• Aim of the exercise: From the first line to the last, set down the material exactly and drop every picture.

• Given information:
────
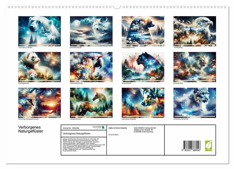 Erleben Sie ein Jahr voller Naturwunder und magische Tiere mit unserem einzigartigen Kalender. Lassen Sie sich von der schönen Natur verzaubern und tauchen Sie ein in eine Welt voller Schönheit und Harmonie. Jeder Monat enthüllt ein neues Bild mit einem Tier, das von atemberaubenden Landschaften umgeben ist. Gönnen Sie sich dieses besondere Erlebnis und lassen Sie sich von der natürlichen Magie verführen. Willkommen in die harmonische Welt der Natur.
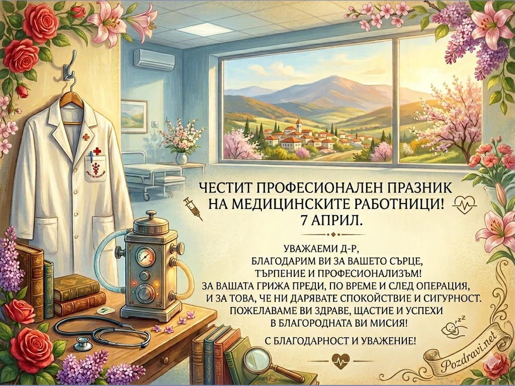 Красива поздравителна картичка създадена специално за Деня на здравния работник – 7 април, с фокус върху благородната професия на анестезиолога. Композицията съчетава професионална символика с уютна, пролетна атмосфера.
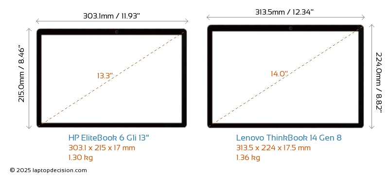 HDMIBoth EliteBook 6 G1i 13" and ThinkBook 14 Gen 8 feature an HDMI port (1x HDMI 2.1) for connecting to external monitors.
────
• Response area:
 Erleben Sie ein Jahr voller Naturwunder und magische Tiere mit unserem einzigartigen Kalender. Lassen Sie sich von der schönen Natur verzaubern und tauchen Sie ein in eine Welt voller Schönheit und Harmonie. Jeder Monat enthüllt ein neues Bild mit einem Tier, das von atemberaubenden Landschaften umgeben ist. Gönnen Sie sich dieses besondere Erlebnis und lassen Sie sich von der natürlichen Magie verführen. Willkommen in die harmonische Welt der Natur.
 Красива поздравителна картичка създадена специално за Деня на здравния работник – 7 април, с фокус върху благородната професия на анестезиолога. Композицията съчетава професионална символика с уютна, пролетна атмосфера.
 HDMIBoth EliteBook 6 G1i 13" and ThinkBook 14 Gen 8 feature an HDMI port (1x HDMI 2.1) for connecting to external monitors.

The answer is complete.